What you have to do » What lines in the entries below contain the word "with"? Copy all of them.

━━━ Dataset content

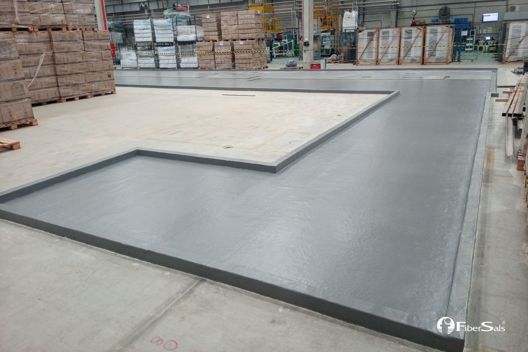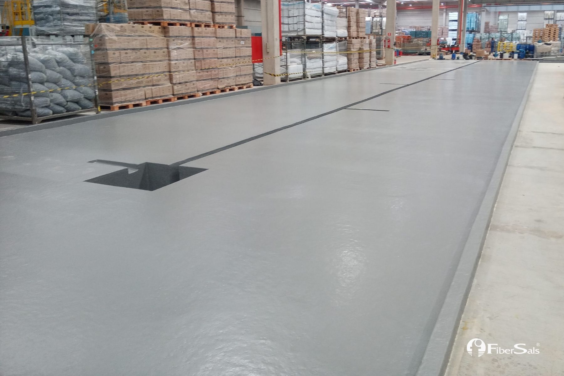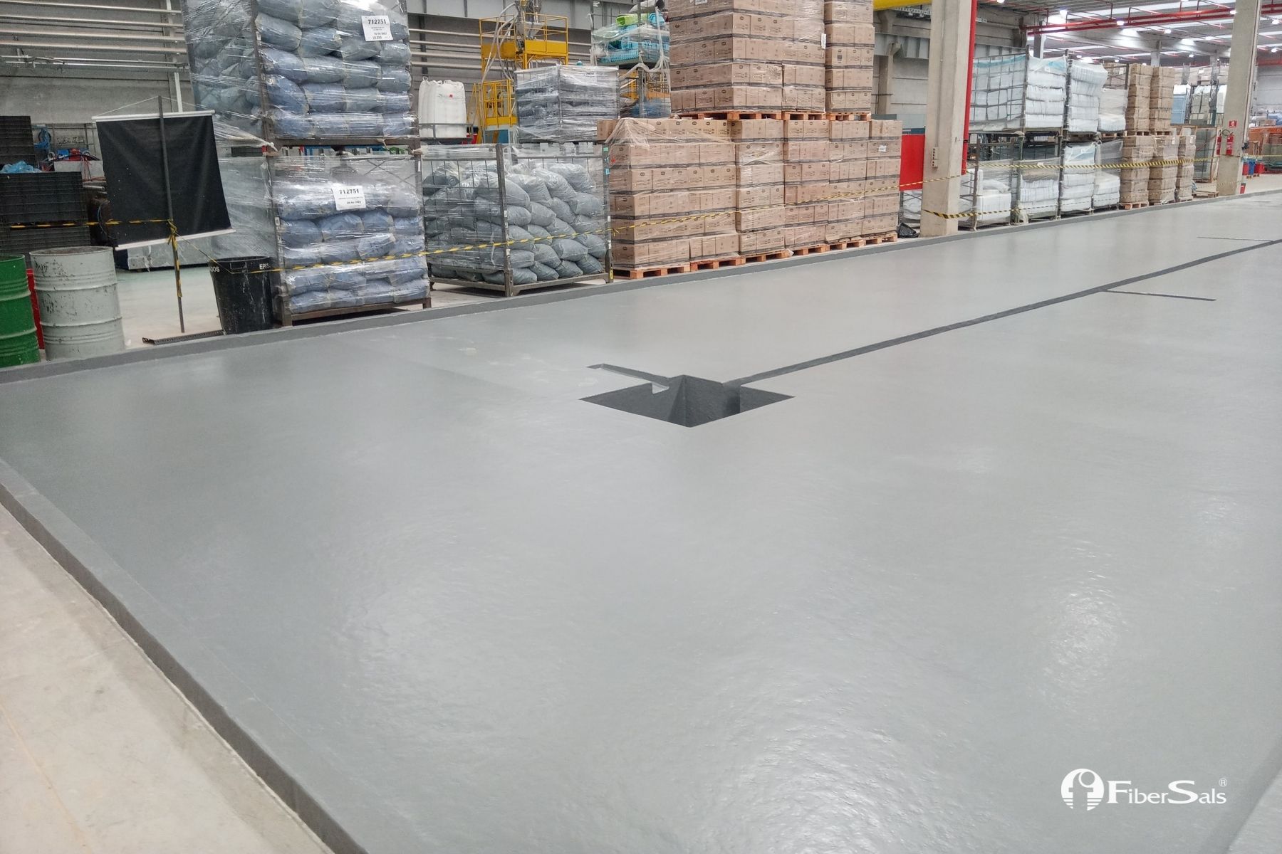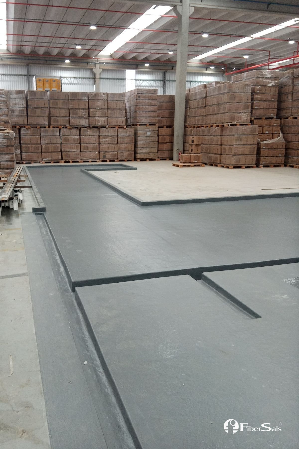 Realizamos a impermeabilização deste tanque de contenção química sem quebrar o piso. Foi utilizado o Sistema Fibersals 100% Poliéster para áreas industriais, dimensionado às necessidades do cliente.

━━━━━━
━━━ Dataset content

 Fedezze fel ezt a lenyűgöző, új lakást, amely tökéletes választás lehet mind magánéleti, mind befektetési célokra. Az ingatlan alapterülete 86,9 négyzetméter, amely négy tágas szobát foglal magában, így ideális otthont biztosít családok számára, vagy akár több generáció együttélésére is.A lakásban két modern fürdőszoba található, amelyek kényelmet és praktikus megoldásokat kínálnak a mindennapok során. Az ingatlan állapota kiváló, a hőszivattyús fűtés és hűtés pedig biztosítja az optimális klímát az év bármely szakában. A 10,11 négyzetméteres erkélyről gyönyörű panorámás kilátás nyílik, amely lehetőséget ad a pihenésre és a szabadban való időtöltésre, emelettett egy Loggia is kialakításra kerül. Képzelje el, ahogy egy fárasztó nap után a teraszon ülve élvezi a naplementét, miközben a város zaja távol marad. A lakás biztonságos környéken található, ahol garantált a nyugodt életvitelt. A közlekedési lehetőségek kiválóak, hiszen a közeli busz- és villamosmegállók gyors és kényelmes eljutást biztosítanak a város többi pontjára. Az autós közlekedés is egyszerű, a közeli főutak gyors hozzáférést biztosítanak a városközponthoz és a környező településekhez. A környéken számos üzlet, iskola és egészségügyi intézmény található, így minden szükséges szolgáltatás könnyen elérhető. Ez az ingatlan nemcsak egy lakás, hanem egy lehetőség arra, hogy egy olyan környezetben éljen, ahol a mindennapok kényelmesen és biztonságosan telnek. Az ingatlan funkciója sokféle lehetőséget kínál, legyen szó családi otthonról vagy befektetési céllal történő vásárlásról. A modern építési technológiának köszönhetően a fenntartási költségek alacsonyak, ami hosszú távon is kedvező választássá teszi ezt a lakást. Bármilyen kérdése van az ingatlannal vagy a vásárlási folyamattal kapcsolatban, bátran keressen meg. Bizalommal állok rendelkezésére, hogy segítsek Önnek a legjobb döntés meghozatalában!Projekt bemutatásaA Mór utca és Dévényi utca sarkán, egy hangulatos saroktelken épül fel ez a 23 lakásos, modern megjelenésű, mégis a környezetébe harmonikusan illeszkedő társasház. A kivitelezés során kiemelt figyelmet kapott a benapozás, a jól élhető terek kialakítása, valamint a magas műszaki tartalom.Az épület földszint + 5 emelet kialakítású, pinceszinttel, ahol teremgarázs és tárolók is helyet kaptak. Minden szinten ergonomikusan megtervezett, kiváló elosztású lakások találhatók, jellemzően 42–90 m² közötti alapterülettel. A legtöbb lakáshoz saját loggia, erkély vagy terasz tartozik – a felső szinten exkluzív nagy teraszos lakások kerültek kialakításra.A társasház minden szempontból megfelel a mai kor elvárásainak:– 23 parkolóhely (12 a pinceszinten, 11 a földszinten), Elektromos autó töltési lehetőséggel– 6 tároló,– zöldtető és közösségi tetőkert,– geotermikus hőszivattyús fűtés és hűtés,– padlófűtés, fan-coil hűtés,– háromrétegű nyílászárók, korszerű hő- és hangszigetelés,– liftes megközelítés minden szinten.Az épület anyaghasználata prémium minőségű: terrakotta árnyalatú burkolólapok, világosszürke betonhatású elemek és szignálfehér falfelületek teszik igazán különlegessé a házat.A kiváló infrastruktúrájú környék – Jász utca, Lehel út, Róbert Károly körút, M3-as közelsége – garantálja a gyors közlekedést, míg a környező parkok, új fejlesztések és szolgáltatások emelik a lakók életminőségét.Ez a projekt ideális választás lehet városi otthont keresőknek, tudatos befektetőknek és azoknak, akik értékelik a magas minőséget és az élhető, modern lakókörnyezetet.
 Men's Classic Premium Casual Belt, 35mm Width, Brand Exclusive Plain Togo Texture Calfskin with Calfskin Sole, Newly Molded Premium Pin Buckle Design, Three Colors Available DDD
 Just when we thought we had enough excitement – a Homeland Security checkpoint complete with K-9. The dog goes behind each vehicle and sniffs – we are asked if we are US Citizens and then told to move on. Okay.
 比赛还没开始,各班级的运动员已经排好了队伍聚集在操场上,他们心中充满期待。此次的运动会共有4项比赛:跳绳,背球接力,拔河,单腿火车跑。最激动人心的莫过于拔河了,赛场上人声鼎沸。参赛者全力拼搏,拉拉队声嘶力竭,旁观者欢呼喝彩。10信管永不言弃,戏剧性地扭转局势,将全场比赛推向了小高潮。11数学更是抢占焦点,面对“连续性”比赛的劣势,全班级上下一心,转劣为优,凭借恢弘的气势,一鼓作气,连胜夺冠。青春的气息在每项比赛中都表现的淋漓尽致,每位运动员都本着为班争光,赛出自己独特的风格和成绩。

━━━━━━

Response area »
 Men's Classic Premium Casual Belt, 35mm Width, Brand Exclusive Plain Togo Texture Calfskin with Calfskin Sole, Newly Molded Premium Pin Buckle Design, Three Colors Available DDD
 Just when we thought we had enough excitement – a Homeland Security checkpoint complete with K-9. The dog goes behind each vehicle and sniffs – we are asked if we are US Citizens and then told to move on. Okay.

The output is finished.